* **DIRECTIONS FOR THIS TASK**:
Lines with "lieudit" in them are to be located in the listing below and copied.

* **TASK MATERIAL**:
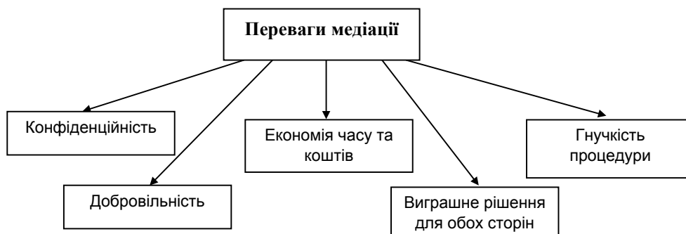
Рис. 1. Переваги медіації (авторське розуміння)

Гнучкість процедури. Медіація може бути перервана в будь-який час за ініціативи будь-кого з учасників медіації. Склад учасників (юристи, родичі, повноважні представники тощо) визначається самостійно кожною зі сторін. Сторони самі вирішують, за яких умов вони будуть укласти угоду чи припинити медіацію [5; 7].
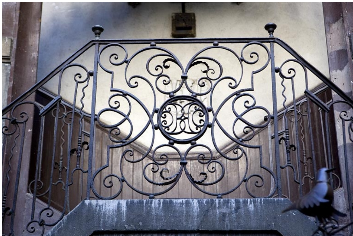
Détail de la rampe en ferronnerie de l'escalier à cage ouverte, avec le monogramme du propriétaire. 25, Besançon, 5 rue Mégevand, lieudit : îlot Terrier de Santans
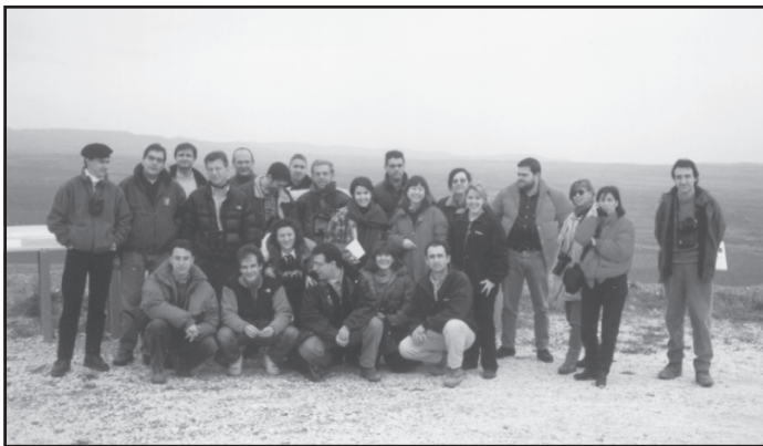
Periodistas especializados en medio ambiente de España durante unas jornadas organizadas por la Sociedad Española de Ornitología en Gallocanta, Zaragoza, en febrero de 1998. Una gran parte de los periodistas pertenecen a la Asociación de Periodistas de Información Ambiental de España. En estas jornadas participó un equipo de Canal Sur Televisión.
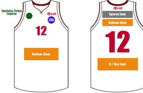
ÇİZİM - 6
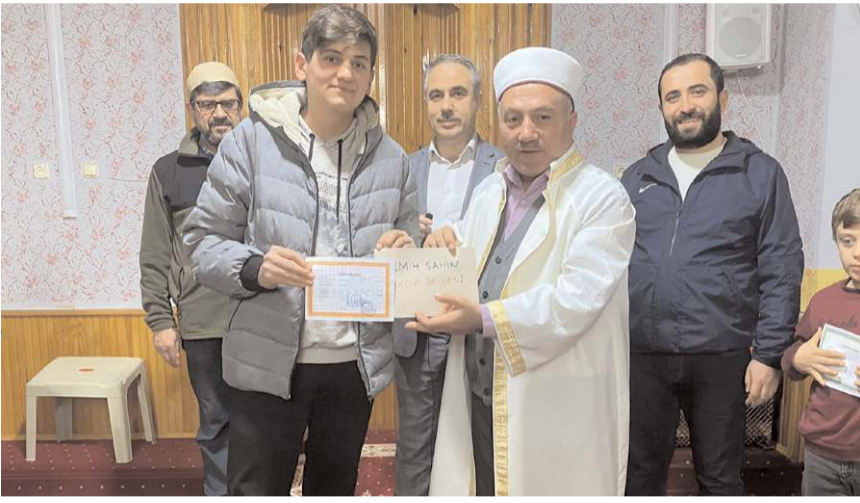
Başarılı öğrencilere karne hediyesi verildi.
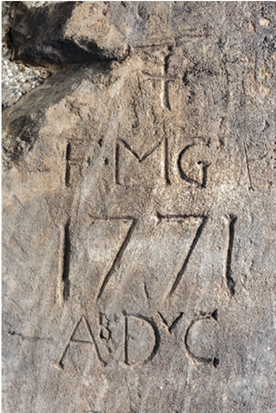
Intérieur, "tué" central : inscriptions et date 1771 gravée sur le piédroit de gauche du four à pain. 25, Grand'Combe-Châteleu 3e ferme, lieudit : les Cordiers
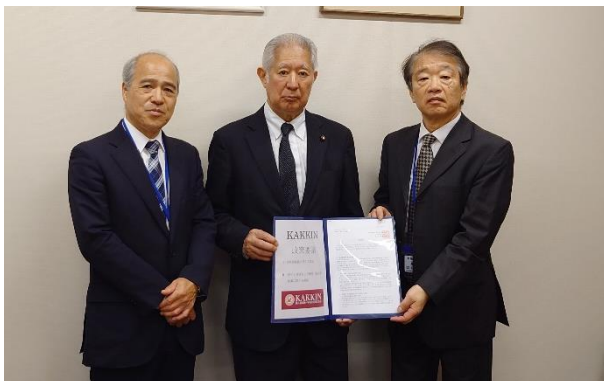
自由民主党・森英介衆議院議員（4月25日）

--

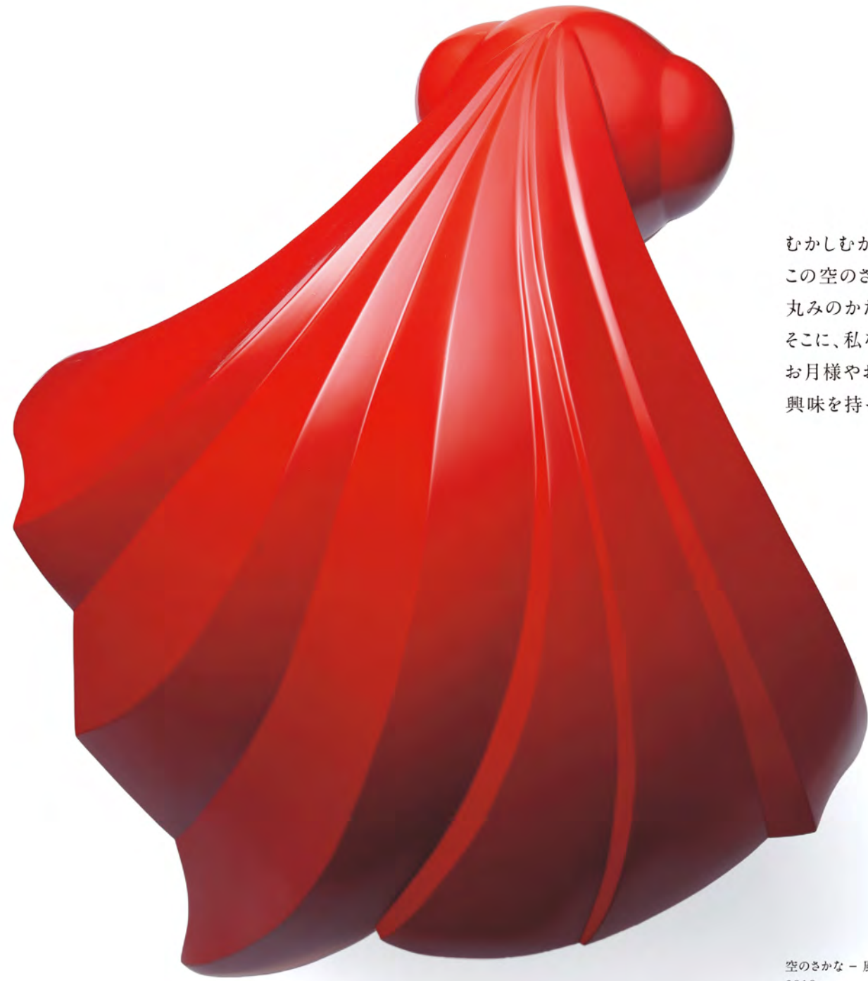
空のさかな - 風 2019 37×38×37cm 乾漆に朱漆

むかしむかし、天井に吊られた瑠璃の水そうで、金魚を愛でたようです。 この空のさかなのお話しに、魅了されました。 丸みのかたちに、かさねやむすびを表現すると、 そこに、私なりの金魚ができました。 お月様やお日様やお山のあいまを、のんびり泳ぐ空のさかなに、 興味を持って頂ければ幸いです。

* **ANSWER BELOW**:
Détail de la rampe en ferronnerie de l'escalier à cage ouverte, avec le monogramme du propriétaire. 25, Besançon, 5 rue Mégevand, lieudit : îlot Terrier de Santans
Intérieur, "tué" central : inscriptions et date 1771 gravée sur le piédroit de gauche du four à pain. 25, Grand'Combe-Châteleu 3e ferme, lieudit : les Cordiers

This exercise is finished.